1.6 Incidence of intrapleural catheter occlusions.
1.7 Incidence of other complications (bleeding, pneumothorax, persistent ipsilateral chest pain after IPC insertion).
1.8 Distance in meters on a six-minute walk test (6MWT) before IPC insertion, after approximately 2 weeks and at the time of removal.
1.9 Estimated adequate lung re-expansion visualized on radiological studies immediately after IPC insertion, after approximately 2 weeks and at the time of removal
1.10 ECOG performance status before IPC insertion, after approximately 2 weeks and at the time of removal (Appendix A).
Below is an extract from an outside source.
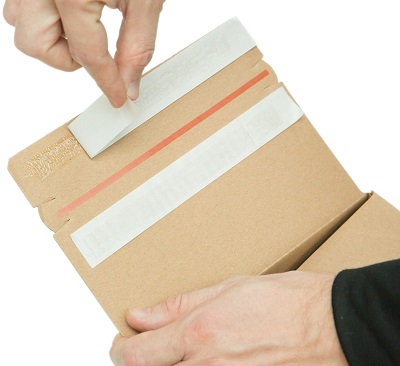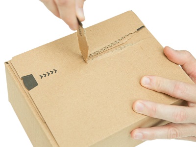 Τα περισσότερα κουτιά που χρησιμοποιούμε έχουν δύο αυτοκόλλητες λωρίδες και μία λωρίδα σχισίματος.
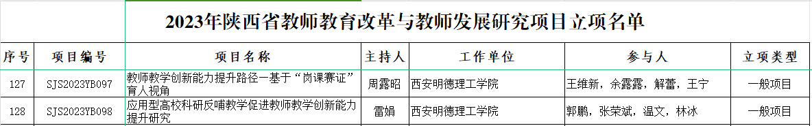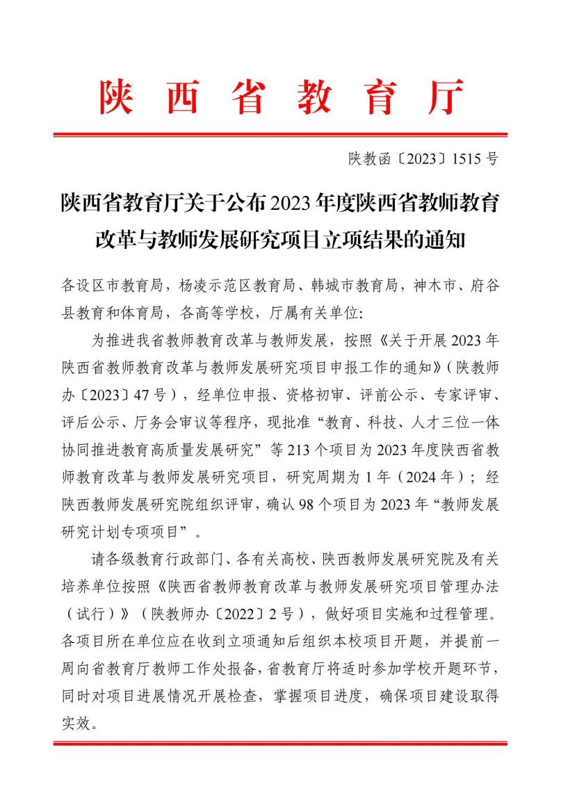 近日,陕西省教育厅下发了《陕西省教育厅关于公布2023年度陕西省教师教育改革与教师发展研究项目立项结果的通知》(陕教函〔2023〕1515号),beat365雷娟老师主持的“应用型高校科研反哺教学促进教师教学创新能力提升研究”和周露昭老师主持的“教师教学创新能力提升路径—基于“岗课赛证”育人视角”的2个教师教育改革与教师发展研究项目成功获批省级立项。

1.11 Palliation of dyspnea using St. George's respiratory questionnaire. (Appendix B).
1.12 Quality of life using the EuroQOL (EQ-5D, Appendix D).
1.13 To compare on pleural fluid samples D-Dimer, TNF-alpha, TGF-beta1, VEGF, PAI-1 and IL-8, at the time of IPC placement, and within 12 to 72 hours, two weeks, and at the time of IPC removal.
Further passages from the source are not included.